- _Records shown_:
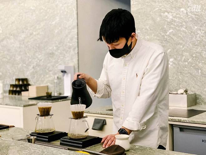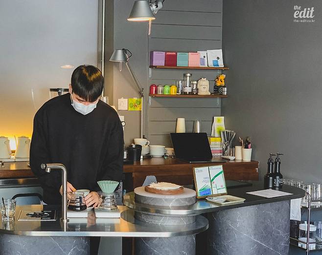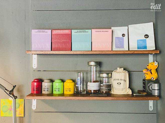 “어느 정도까지 신맛을 즐기는 편이에요?” 첫 대답에 따라 섬세하게 원두 종류를 안내한다. 너무 화려하거나 튀는 스타일을 가진 커피보다는 있는 그대로의 깨끗함이 느껴지는 커피를 중심으로 소개하는데, 모모스커피나 센터 커피 같은 국내 로스터리부터 더 반, 라카브라, 솔벅&한센 등의 해외 유명 로스터리까지 그때그때 나누고 싶은 커피를 엄선한다.
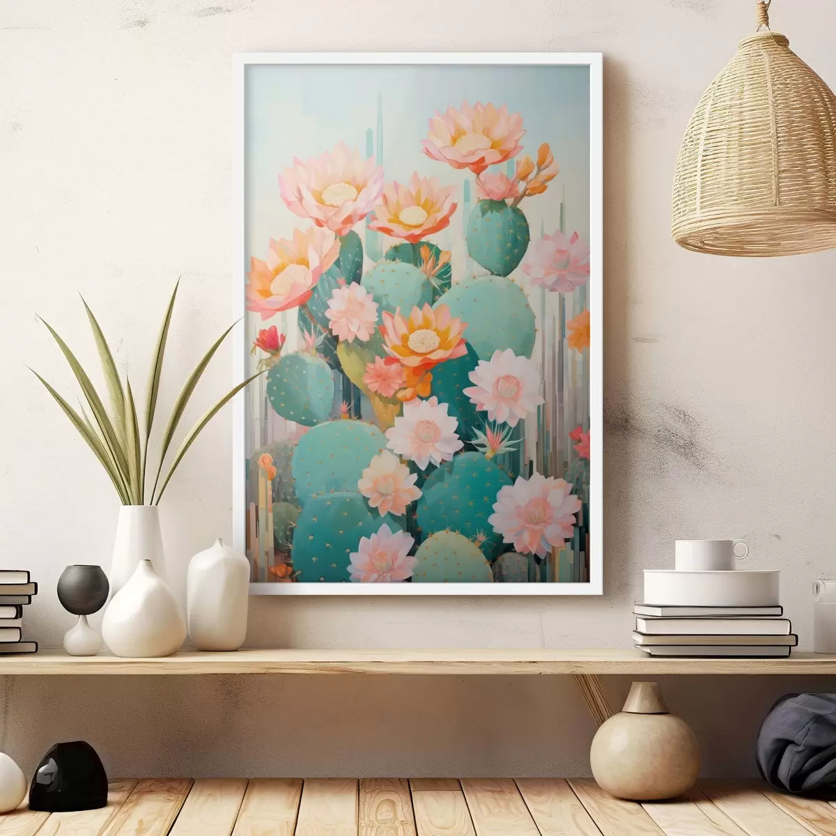 Poster Giardino di fiori di cactus in una delicata palette di colori pastello in stile illustrativo Nr f46935
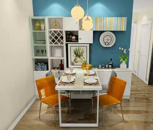 细致地规划柜体的收纳区域,开放与封闭结合,这样不仅能将酒柜餐柜组合在一起,还能摆放装饰品。
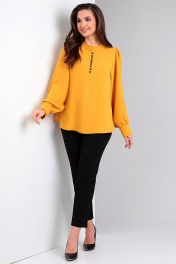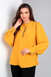 Демисезонная блуза с воротником-стойкой и присборенным рукавом Таир-Гранд 62423 горчица
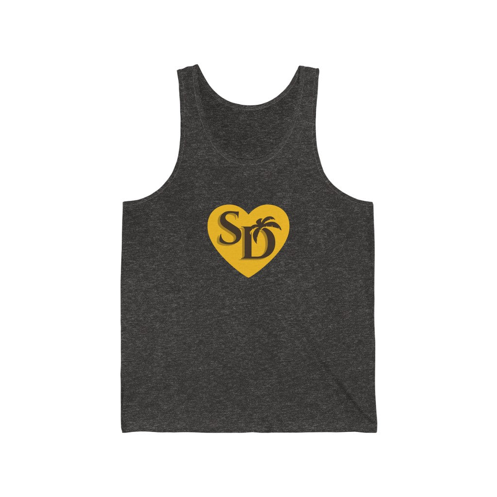 With the sand, brown & gold color scheme, you'll notice our"I Heart SD" tanks are inspired by our home team, the San Diego Padres. This SD Love tank-top is a cool way for you to represent America's Finest City! It makes an excellent gift for someone missing home or a cool souvenir from your SD visit. So whether it's your hometown or chosen town, wear the SD on your chest with pride.
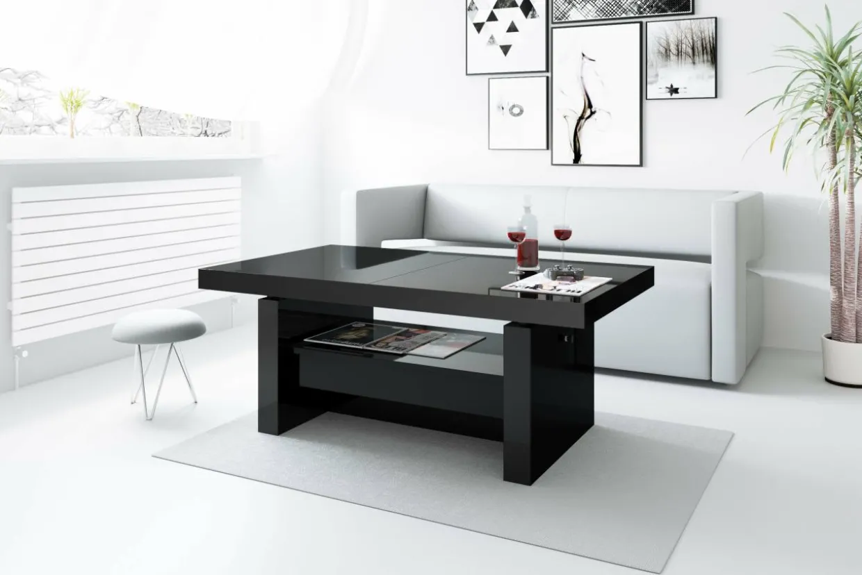 Kiedy postanowisz zorganizować przyjęcie w salonie, bez problemu zwiększysz szerokość ławy do 170 cm i podniesiesz blat do wysokości 65 cm.
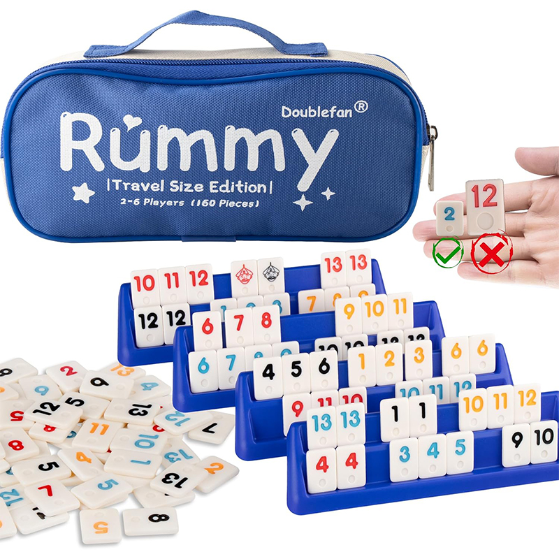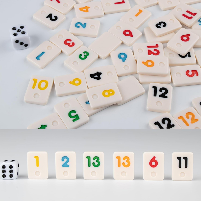 El juego de juegos de cartas de número mini rummy es un juego de mesa portátil adecuado para 2 a 6 personas. Combina el juego rummy tradicional con un diseño liviano. Todo el conjunto de juegos contiene 160 pequeñas tarjetas de número con clasificación de color clara e impresión de números claros, lo cual es conveniente para que los jugadores identifiquen y hagan rápidamente combinaciones estratégicas. Los bloques de tarjetas son de tamaño moderado, espacio de ahorro y fácil de iniciar el juego en una mesa limitada o un entorno al aire libre.
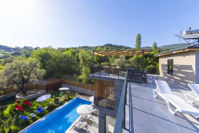 - Havuz: Özel yüzme havuzu ve korunaklı havuz terası, mahremiyete önem veren misafirler için idealdir.
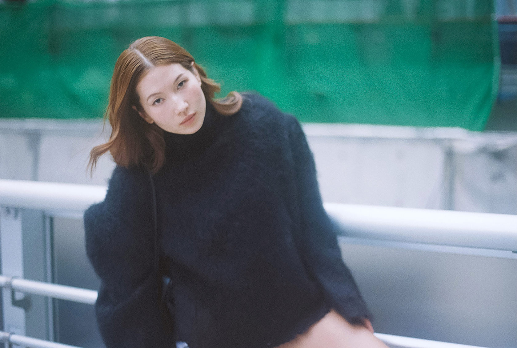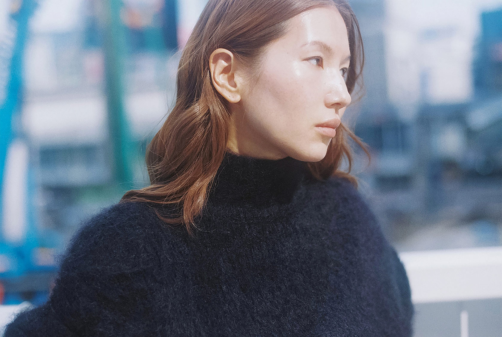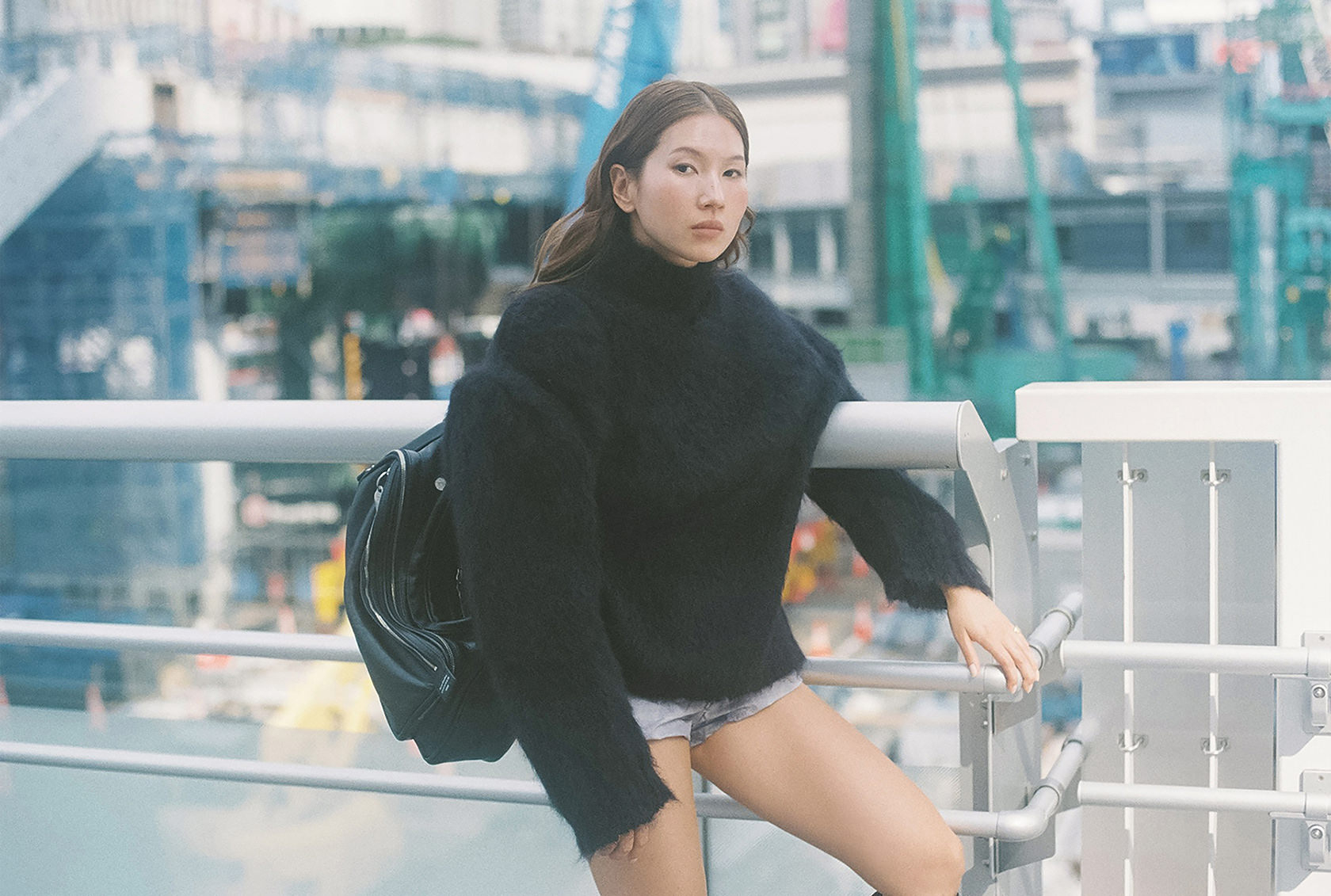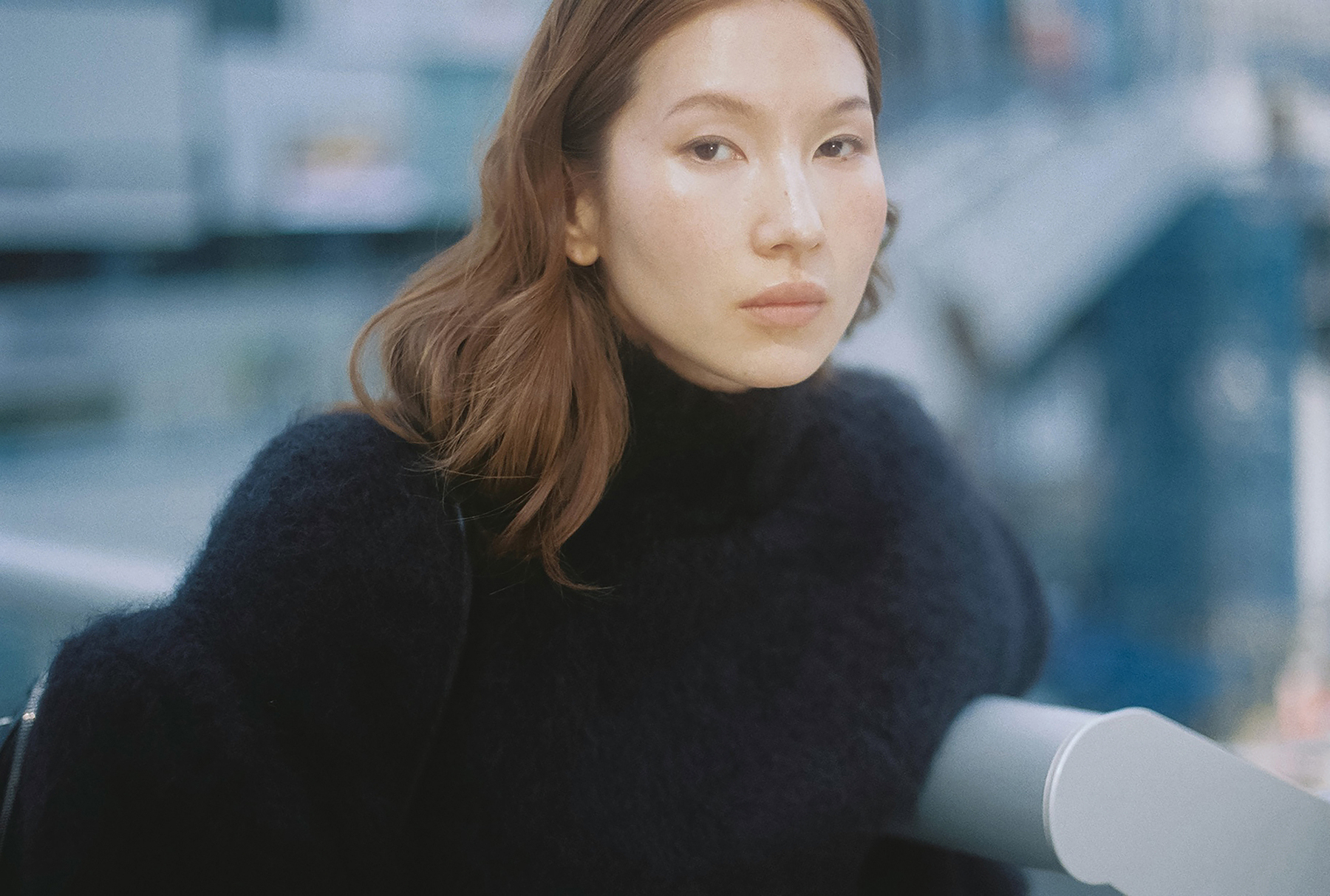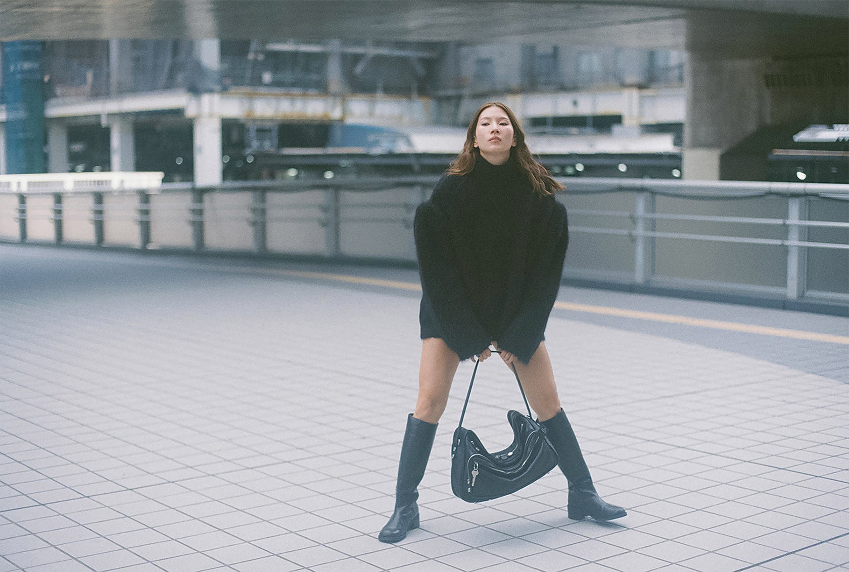 朝8時30分。渋谷の街に朝の光がゆっくりと差し込み通勤の人々の気配が漂う中、菊乃さんは静かに街に佇み…Acne Studios 25年秋冬のふわりとした風合いのパッド入りウールニットを纏って、ファッションシューティングを。手に持ったバッグは、クリエイティブ・ディレクターのジョニー・ヨハンソンがキャリアの初期に大型ポラロイドカメラとレンズを運ぶために使用していたバッグから着想を得た、機能性と実用性を兼ね備える「Camero Bag」だ。

- _Task to carry out_: Only an exact copy of the records, free of images, belongs in the answer.

- _Solution for this problem_:
 “어느 정도까지 신맛을 즐기는 편이에요?” 첫 대답에 따라 섬세하게 원두 종류를 안내한다. 너무 화려하거나 튀는 스타일을 가진 커피보다는 있는 그대로의 깨끗함이 느껴지는 커피를 중심으로 소개하는데, 모모스커피나 센터 커피 같은 국내 로스터리부터 더 반, 라카브라, 솔벅&한센 등의 해외 유명 로스터리까지 그때그때 나누고 싶은 커피를 엄선한다.
 Poster Giardino di fiori di cactus in una delicata palette di colori pastello in stile illustrativo Nr f46935
 细致地规划柜体的收纳区域,开放与封闭结合,这样不仅能将酒柜餐柜组合在一起,还能摆放装饰品。
 Демисезонная блуза с воротником-стойкой и присборенным рукавом Таир-Гранд 62423 горчица
 With the sand, brown & gold color scheme, you'll notice our"I Heart SD" tanks are inspired by our home team, the San Diego Padres. This SD Love tank-top is a cool way for you to represent America's Finest City! It makes an excellent gift for someone missing home or a cool souvenir from your SD visit. So whether it's your hometown or chosen town, wear the SD on your chest with pride.
 Kiedy postanowisz zorganizować przyjęcie w salonie, bez problemu zwiększysz szerokość ławy do 170 cm i podniesiesz blat do wysokości 65 cm.
 El juego de juegos de cartas de número mini rummy es un juego de mesa portátil adecuado para 2 a 6 personas. Combina el juego rummy tradicional con un diseño liviano. Todo el conjunto de juegos contiene 160 pequeñas tarjetas de número con clasificación de color clara e impresión de números claros, lo cual es conveniente para que los jugadores identifiquen y hagan rápidamente combinaciones estratégicas. Los bloques de tarjetas son de tamaño moderado, espacio de ahorro y fácil de iniciar el juego en una mesa limitada o un entorno al aire libre.
 - Havuz: Özel yüzme havuzu ve korunaklı havuz terası, mahremiyete önem veren misafirler için idealdir.
 朝8時30分。渋谷の街に朝の光がゆっくりと差し込み通勤の人々の気配が漂う中、菊乃さんは静かに街に佇み…Acne Studios 25年秋冬のふわりとした風合いのパッド入りウールニットを纏って、ファッションシューティングを。手に持ったバッグは、クリエイティブ・ディレクターのジョニー・ヨハンソンがキャリアの初期に大型ポラロイドカメラとレンズを運ぶために使用していたバッグから着想を得た、機能性と実用性を兼ね備える「Camero Bag」だ。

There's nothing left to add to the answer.